Start of TASK DATA

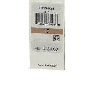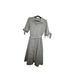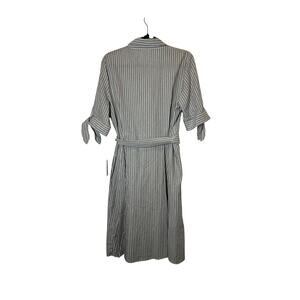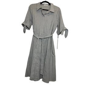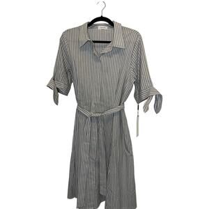 Calvin Klein belted t-shirt dress (New with Tags) women's size 12. Light gray with vertical white stripes. Original MSRP: $134. No flaws. Belt included. Tie-detail sleeves. Crisp, structured fabric.
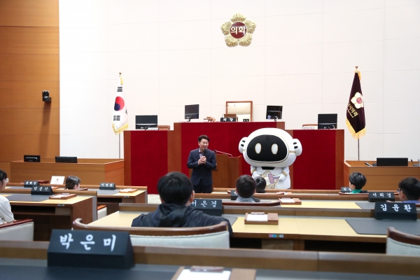 이어서 방문한 본회의장에서는 본회의가 진행되는 의원석에 앉아 본회의장의 각종 시설물과 회의 진행 과정에 대해 알아본 후, 실제 회의가 진행되는 영상을 시청하며 안건이 처리되는 과정을 상세히 배웠다. 또한 직접 의사봉을 두드려 보는 ‘의사봉 3타 체험’을 하고, 성남시의회 SNS 캐릭터 ‘이로운’과 함께 기념사진을 촬영하며 견학을 마쳤다.성남시의회 강상태 의원은 이날 시의회를 방문한 어린이들에게 “성남시의회에 방문한 왕남초등학교 어린이 여러분을 환영하며, 여러분이 배우는 민주주의 제도가 우리 일상에 얼마나 밀접하게 연관되어 있는지 이해하는 시간이 되길 바란다”고 말했다.
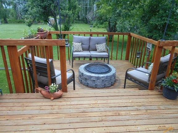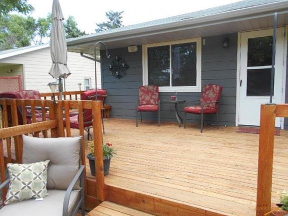 Don't miss out on this well maintained five bedroom (2 downstairs not to code) home, with lots of great features, in Rapid Valley. Newer siding, newer windows, central air, updated kitchen, with under counter lighting, newer appliances, built in microwave, a gas range, solid surface counter tops and a large pantry. There's a sprinkler system in front and back and water is pumped from the irrigation ditch (at a small yearly charge), mature apple and pear trees, with mature grape vines, roses and lavender that come up every year. A beautiful 20x12 tiered deck with deck lighting all around and a built in gas fire pit. Downstairs there's new carpeting, a gas fireplace, a workshop room, bar with refrigerator, and tons of storage. You also have built in speakers in the living room, kitchen, down stairs, and outside, and video telephone for front door. Wood floors are under carpet in living room, hallway, and upstairs bedrooms.
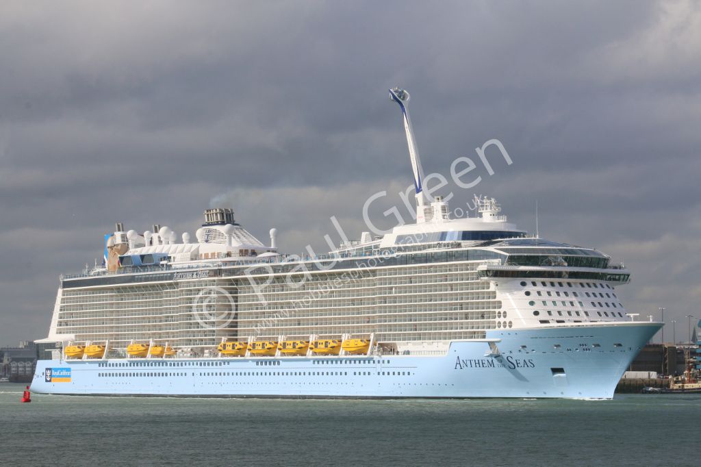 Royal Caribbeans new cruise ship Anthem of the Seas departing from Berth 101,Southampton on 3rd May ...
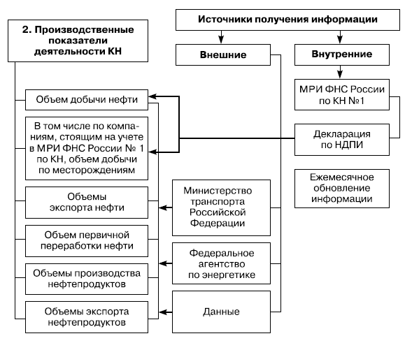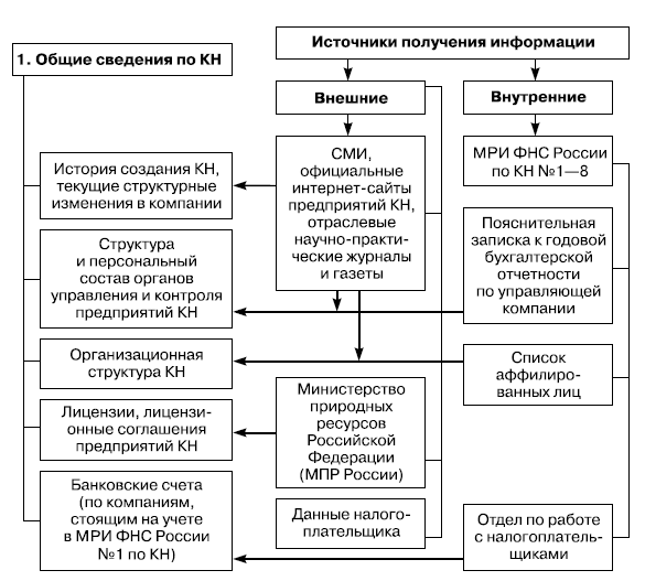 Структура КН может быть охарактеризована также информацией об аффилированных по отношению к управляющей компании юридических лицах, информацией об организациях, правопреемниками которых являются организации, входящие в структуру КН. Аффилированные организации группируются по видам деятельности: например, добывающие организации, имеющие соответствующую лицензию на добычу углеводородного сырья; перерабатывающие организации (нефтеперерабатывающие заводы), сбытовые, управляющие организации, оптовые организации, торговые дома и т. д. Информация об аффилированных лицах и доле участия в их уставном капитале управляющей компании формируется налоговым органом из федеральных баз данных Единого государственного реестра юридических лиц, Единого государственного реестра налогоплательщиков, а также из пояснительной записки к годовой бухгалтерской отчетности и ежеквартального отчета эмитента ценных бумаг.
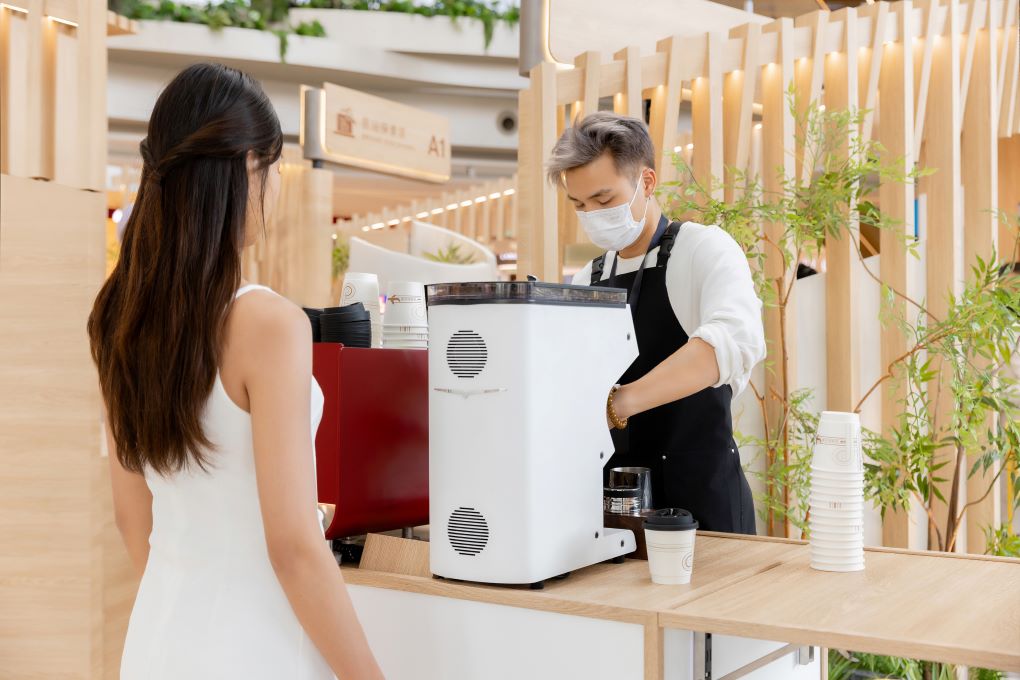 Take a break: The espresso bar extends dwell time while inviting guests to connect and engage

End of TASK DATA

ABOUT THIS EXERCISE
Each record above, in full: return it exactly, pictures excluded.

EXERCISE RESPONSE
 Calvin Klein belted t-shirt dress (New with Tags) women's size 12. Light gray with vertical white stripes. Original MSRP: $134. No flaws. Belt included. Tie-detail sleeves. Crisp, structured fabric.
 이어서 방문한 본회의장에서는 본회의가 진행되는 의원석에 앉아 본회의장의 각종 시설물과 회의 진행 과정에 대해 알아본 후, 실제 회의가 진행되는 영상을 시청하며 안건이 처리되는 과정을 상세히 배웠다. 또한 직접 의사봉을 두드려 보는 ‘의사봉 3타 체험’을 하고, 성남시의회 SNS 캐릭터 ‘이로운’과 함께 기념사진을 촬영하며 견학을 마쳤다.성남시의회 강상태 의원은 이날 시의회를 방문한 어린이들에게 “성남시의회에 방문한 왕남초등학교 어린이 여러분을 환영하며, 여러분이 배우는 민주주의 제도가 우리 일상에 얼마나 밀접하게 연관되어 있는지 이해하는 시간이 되길 바란다”고 말했다.
 Don't miss out on this well maintained five bedroom (2 downstairs not to code) home, with lots of great features, in Rapid Valley. Newer siding, newer windows, central air, updated kitchen, with under counter lighting, newer appliances, built in microwave, a gas range, solid surface counter tops and a large pantry. There's a sprinkler system in front and back and water is pumped from the irrigation ditch (at a small yearly charge), mature apple and pear trees, with mature grape vines, roses and lavender that come up every year. A beautiful 20x12 tiered deck with deck lighting all around and a built in gas fire pit. Downstairs there's new carpeting, a gas fireplace, a workshop room, bar with refrigerator, and tons of storage. You also have built in speakers in the living room, kitchen, down stairs, and outside, and video telephone for front door. Wood floors are under carpet in living room, hallway, and upstairs bedrooms.
 Royal Caribbeans new cruise ship Anthem of the Seas departing from Berth 101,Southampton on 3rd May ...
 Структура КН может быть охарактеризована также информацией об аффилированных по отношению к управляющей компании юридических лицах, информацией об организациях, правопреемниками которых являются организации, входящие в структуру КН. Аффилированные организации группируются по видам деятельности: например, добывающие организации, имеющие соответствующую лицензию на добычу углеводородного сырья; перерабатывающие организации (нефтеперерабатывающие заводы), сбытовые, управляющие организации, оптовые организации, торговые дома и т. д. Информация об аффилированных лицах и доле участия в их уставном капитале управляющей компании формируется налоговым органом из федеральных баз данных Единого государственного реестра юридических лиц, Единого государственного реестра налогоплательщиков, а также из пояснительной записки к годовой бухгалтерской отчетности и ежеквартального отчета эмитента ценных бумаг.
 Take a break: The espresso bar extends dwell time while inviting guests to connect and engage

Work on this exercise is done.